Tuesday, April 20, 2010

The long-term socioeconomic impact of the Eyjafjallajoekull (actually, Eyjafyoll) eruptions

First, let's deal with the name. According to the London Telegraph, the long name commonly used to refer to the Icelandic volcano that is causing so many travel problems in Europe is really the name for the glacier that covers the crater. The volcano itself is called Eyjafyoll (Ay-uh-fyotl).

As for the long name: "Eyja means island, fyalla or fyjoll means mountain, and jökull means glacier, so the name actually means the island mountain glacier," said Urdur Gunnarsdottir, of the Icelandic Foreign Office.

But now to the potential socioeconomic implications of the eruption.

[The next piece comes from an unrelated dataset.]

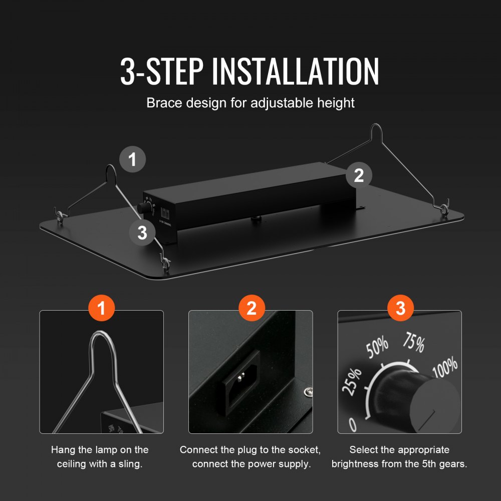 Bezproblemowy montaż i regulacja: Nasza lampa do uprawy jest wyposażona w drążek podporowy i można ją regulować na dowolnej wysokości, co zapewnia stabilność i elastyczność montażu. Pięć poziomów jasności pozwala na swobodną regulację intensywności światła. Połączenie wielu lamp z równomiernym ściemnianiem jest szczególnie korzystne w przypadku upraw na dużą skalę w pomieszczeniach i upraw komercyjnych, pozwalając przejąć kontrolę nad każdą przestrzenią.

An article I read this morning from Markman Capital Insight encouraged me to look at historical results of volcanic eruptions--not only of Eyjafyoll but of others.
  1. Notice that eruptions of Eyjafyoll have been associated (somewhat weakly, it seems) with eruptions of Katla, a much larger volcano about 25km east northeast of Eyjafyoll. According to The Economist, "two or three (depending on who’s counting) of the 23 eruptions of Katla over historical times (which in Iceland means the past 1,200 years or so) have been preceded by eruptions of Eyjafjallajokull."
    There is no geophysical evidence for a causal relationship between such eruptions — no indication that the two volcanoes share the same plumbing — and since Katla erupts more often than Eyjafjallajokull the effect could just be coincidence. . . . That said, Katla does seem to erupt on a semi-regular basis, with typical periods between eruptions of between 30 and 80 years. The last eruption was in 1918, which makes the next overdue.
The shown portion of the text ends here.